Required action: Output every record exactly and leave each picture out.

Excerpted records:
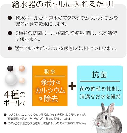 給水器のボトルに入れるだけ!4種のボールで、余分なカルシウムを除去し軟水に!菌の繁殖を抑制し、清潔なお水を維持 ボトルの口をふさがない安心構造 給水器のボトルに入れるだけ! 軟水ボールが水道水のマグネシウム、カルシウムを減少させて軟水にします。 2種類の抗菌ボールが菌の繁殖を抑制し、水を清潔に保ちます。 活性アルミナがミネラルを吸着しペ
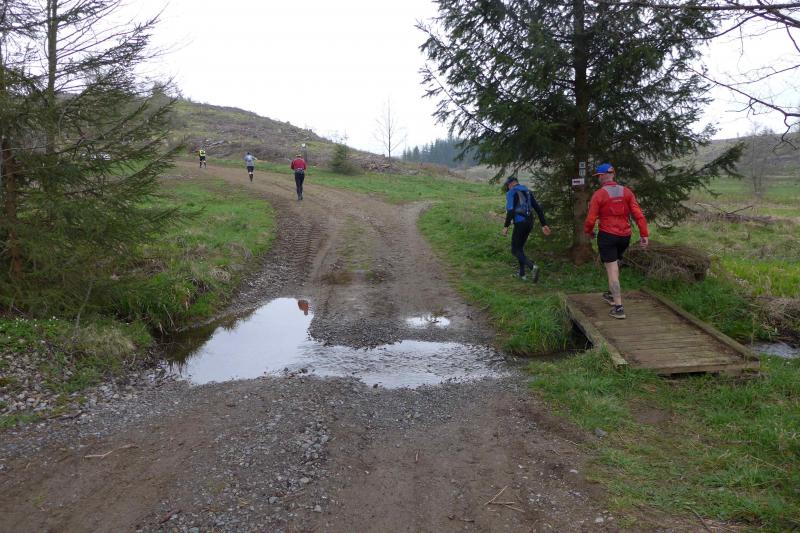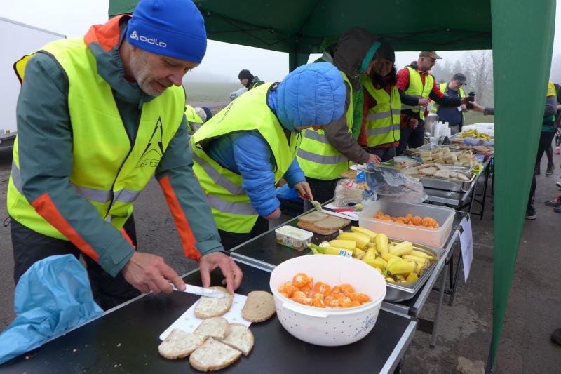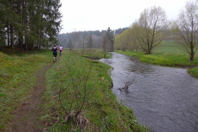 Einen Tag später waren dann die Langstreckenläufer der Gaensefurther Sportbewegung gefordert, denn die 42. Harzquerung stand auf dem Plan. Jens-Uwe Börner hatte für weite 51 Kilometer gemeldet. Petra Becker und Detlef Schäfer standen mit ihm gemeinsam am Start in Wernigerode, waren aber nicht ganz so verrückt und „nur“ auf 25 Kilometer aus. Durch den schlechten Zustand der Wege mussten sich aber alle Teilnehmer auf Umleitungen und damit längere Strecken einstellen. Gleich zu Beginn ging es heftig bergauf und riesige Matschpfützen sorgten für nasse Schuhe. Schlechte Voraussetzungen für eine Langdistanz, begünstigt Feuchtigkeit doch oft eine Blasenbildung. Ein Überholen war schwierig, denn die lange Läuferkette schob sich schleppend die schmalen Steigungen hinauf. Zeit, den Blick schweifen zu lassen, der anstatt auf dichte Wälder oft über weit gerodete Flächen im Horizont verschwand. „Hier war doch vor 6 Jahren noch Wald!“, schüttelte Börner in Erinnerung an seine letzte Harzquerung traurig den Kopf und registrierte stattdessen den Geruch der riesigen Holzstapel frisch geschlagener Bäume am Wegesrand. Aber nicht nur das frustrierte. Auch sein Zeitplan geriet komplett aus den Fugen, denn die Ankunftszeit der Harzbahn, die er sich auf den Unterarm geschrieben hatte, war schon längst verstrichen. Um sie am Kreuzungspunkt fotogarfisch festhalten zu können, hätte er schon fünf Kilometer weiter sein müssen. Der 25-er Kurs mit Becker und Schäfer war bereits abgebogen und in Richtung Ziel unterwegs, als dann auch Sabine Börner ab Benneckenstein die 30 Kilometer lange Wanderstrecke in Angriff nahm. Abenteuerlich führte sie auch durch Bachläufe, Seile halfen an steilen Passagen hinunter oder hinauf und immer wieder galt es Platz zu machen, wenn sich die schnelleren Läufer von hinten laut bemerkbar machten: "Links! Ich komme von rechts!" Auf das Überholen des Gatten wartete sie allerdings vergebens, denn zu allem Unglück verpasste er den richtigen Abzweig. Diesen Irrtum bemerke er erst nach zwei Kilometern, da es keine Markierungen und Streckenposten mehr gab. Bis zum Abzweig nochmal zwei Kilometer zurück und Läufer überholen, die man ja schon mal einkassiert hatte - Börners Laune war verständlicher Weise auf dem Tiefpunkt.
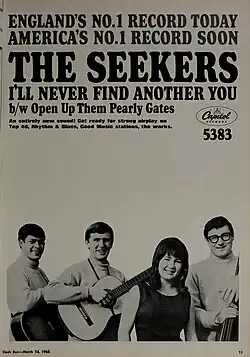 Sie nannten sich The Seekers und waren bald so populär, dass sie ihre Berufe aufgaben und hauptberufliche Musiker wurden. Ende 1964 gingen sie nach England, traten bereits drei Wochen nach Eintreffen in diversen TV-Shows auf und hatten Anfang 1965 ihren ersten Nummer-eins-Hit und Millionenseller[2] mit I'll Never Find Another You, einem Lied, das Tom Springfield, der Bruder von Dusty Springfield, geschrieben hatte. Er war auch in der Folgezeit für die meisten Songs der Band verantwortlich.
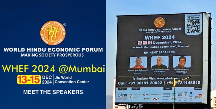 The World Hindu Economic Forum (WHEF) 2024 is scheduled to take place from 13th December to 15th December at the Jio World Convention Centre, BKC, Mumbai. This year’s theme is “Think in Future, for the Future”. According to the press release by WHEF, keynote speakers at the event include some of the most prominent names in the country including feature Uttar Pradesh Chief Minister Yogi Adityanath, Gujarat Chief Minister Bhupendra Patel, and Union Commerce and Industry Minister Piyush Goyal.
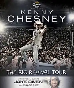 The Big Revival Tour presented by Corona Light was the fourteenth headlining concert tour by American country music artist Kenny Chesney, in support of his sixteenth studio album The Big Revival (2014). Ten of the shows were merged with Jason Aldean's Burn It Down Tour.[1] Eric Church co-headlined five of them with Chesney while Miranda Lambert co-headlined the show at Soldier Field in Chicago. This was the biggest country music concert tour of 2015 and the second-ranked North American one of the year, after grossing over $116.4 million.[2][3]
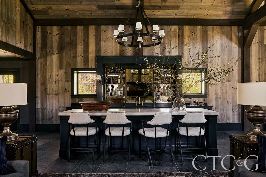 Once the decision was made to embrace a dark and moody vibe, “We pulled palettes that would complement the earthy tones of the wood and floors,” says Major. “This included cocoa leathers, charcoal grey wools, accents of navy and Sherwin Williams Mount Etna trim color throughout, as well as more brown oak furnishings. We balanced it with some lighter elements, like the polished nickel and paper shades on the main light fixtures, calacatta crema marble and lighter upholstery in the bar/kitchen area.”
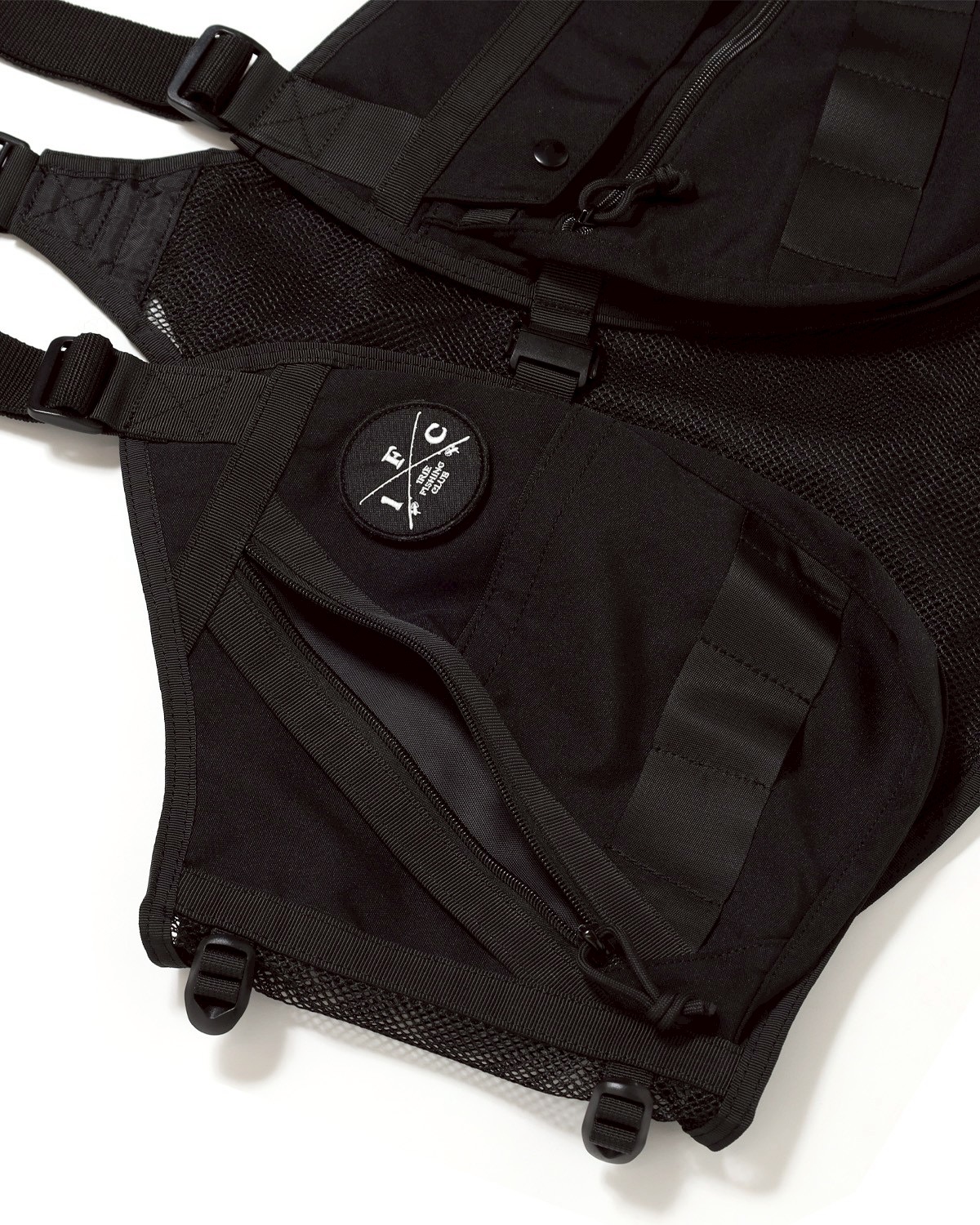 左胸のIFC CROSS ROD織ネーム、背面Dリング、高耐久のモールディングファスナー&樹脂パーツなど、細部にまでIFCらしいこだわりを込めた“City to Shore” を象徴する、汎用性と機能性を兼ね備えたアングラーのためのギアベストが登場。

Solution to this task:
 給水器のボトルに入れるだけ!4種のボールで、余分なカルシウムを除去し軟水に!菌の繁殖を抑制し、清潔なお水を維持 ボトルの口をふさがない安心構造 給水器のボトルに入れるだけ! 軟水ボールが水道水のマグネシウム、カルシウムを減少させて軟水にします。 2種類の抗菌ボールが菌の繁殖を抑制し、水を清潔に保ちます。 活性アルミナがミネラルを吸着しペ
 Einen Tag später waren dann die Langstreckenläufer der Gaensefurther Sportbewegung gefordert, denn die 42. Harzquerung stand auf dem Plan. Jens-Uwe Börner hatte für weite 51 Kilometer gemeldet. Petra Becker und Detlef Schäfer standen mit ihm gemeinsam am Start in Wernigerode, waren aber nicht ganz so verrückt und „nur“ auf 25 Kilometer aus. Durch den schlechten Zustand der Wege mussten sich aber alle Teilnehmer auf Umleitungen und damit längere Strecken einstellen. Gleich zu Beginn ging es heftig bergauf und riesige Matschpfützen sorgten für nasse Schuhe. Schlechte Voraussetzungen für eine Langdistanz, begünstigt Feuchtigkeit doch oft eine Blasenbildung. Ein Überholen war schwierig, denn die lange Läuferkette schob sich schleppend die schmalen Steigungen hinauf. Zeit, den Blick schweifen zu lassen, der anstatt auf dichte Wälder oft über weit gerodete Flächen im Horizont verschwand. „Hier war doch vor 6 Jahren noch Wald!“, schüttelte Börner in Erinnerung an seine letzte Harzquerung traurig den Kopf und registrierte stattdessen den Geruch der riesigen Holzstapel frisch geschlagener Bäume am Wegesrand. Aber nicht nur das frustrierte. Auch sein Zeitplan geriet komplett aus den Fugen, denn die Ankunftszeit der Harzbahn, die er sich auf den Unterarm geschrieben hatte, war schon längst verstrichen. Um sie am Kreuzungspunkt fotogarfisch festhalten zu können, hätte er schon fünf Kilometer weiter sein müssen. Der 25-er Kurs mit Becker und Schäfer war bereits abgebogen und in Richtung Ziel unterwegs, als dann auch Sabine Börner ab Benneckenstein die 30 Kilometer lange Wanderstrecke in Angriff nahm. Abenteuerlich führte sie auch durch Bachläufe, Seile halfen an steilen Passagen hinunter oder hinauf und immer wieder galt es Platz zu machen, wenn sich die schnelleren Läufer von hinten laut bemerkbar machten: "Links! Ich komme von rechts!" Auf das Überholen des Gatten wartete sie allerdings vergebens, denn zu allem Unglück verpasste er den richtigen Abzweig. Diesen Irrtum bemerke er erst nach zwei Kilometern, da es keine Markierungen und Streckenposten mehr gab. Bis zum Abzweig nochmal zwei Kilometer zurück und Läufer überholen, die man ja schon mal einkassiert hatte - Börners Laune war verständlicher Weise auf dem Tiefpunkt.
 Sie nannten sich The Seekers und waren bald so populär, dass sie ihre Berufe aufgaben und hauptberufliche Musiker wurden. Ende 1964 gingen sie nach England, traten bereits drei Wochen nach Eintreffen in diversen TV-Shows auf und hatten Anfang 1965 ihren ersten Nummer-eins-Hit und Millionenseller[2] mit I'll Never Find Another You, einem Lied, das Tom Springfield, der Bruder von Dusty Springfield, geschrieben hatte. Er war auch in der Folgezeit für die meisten Songs der Band verantwortlich.
 The World Hindu Economic Forum (WHEF) 2024 is scheduled to take place from 13th December to 15th December at the Jio World Convention Centre, BKC, Mumbai. This year’s theme is “Think in Future, for the Future”. According to the press release by WHEF, keynote speakers at the event include some of the most prominent names in the country including feature Uttar Pradesh Chief Minister Yogi Adityanath, Gujarat Chief Minister Bhupendra Patel, and Union Commerce and Industry Minister Piyush Goyal.
 The Big Revival Tour presented by Corona Light was the fourteenth headlining concert tour by American country music artist Kenny Chesney, in support of his sixteenth studio album The Big Revival (2014). Ten of the shows were merged with Jason Aldean's Burn It Down Tour.[1] Eric Church co-headlined five of them with Chesney while Miranda Lambert co-headlined the show at Soldier Field in Chicago. This was the biggest country music concert tour of 2015 and the second-ranked North American one of the year, after grossing over $116.4 million.[2][3]
 Once the decision was made to embrace a dark and moody vibe, “We pulled palettes that would complement the earthy tones of the wood and floors,” says Major. “This included cocoa leathers, charcoal grey wools, accents of navy and Sherwin Williams Mount Etna trim color throughout, as well as more brown oak furnishings. We balanced it with some lighter elements, like the polished nickel and paper shades on the main light fixtures, calacatta crema marble and lighter upholstery in the bar/kitchen area.”
 左胸のIFC CROSS ROD織ネーム、背面Dリング、高耐久のモールディングファスナー&樹脂パーツなど、細部にまでIFCらしいこだわりを込めた“City to Shore” を象徴する、汎用性と機能性を兼ね備えたアングラーのためのギアベストが登場。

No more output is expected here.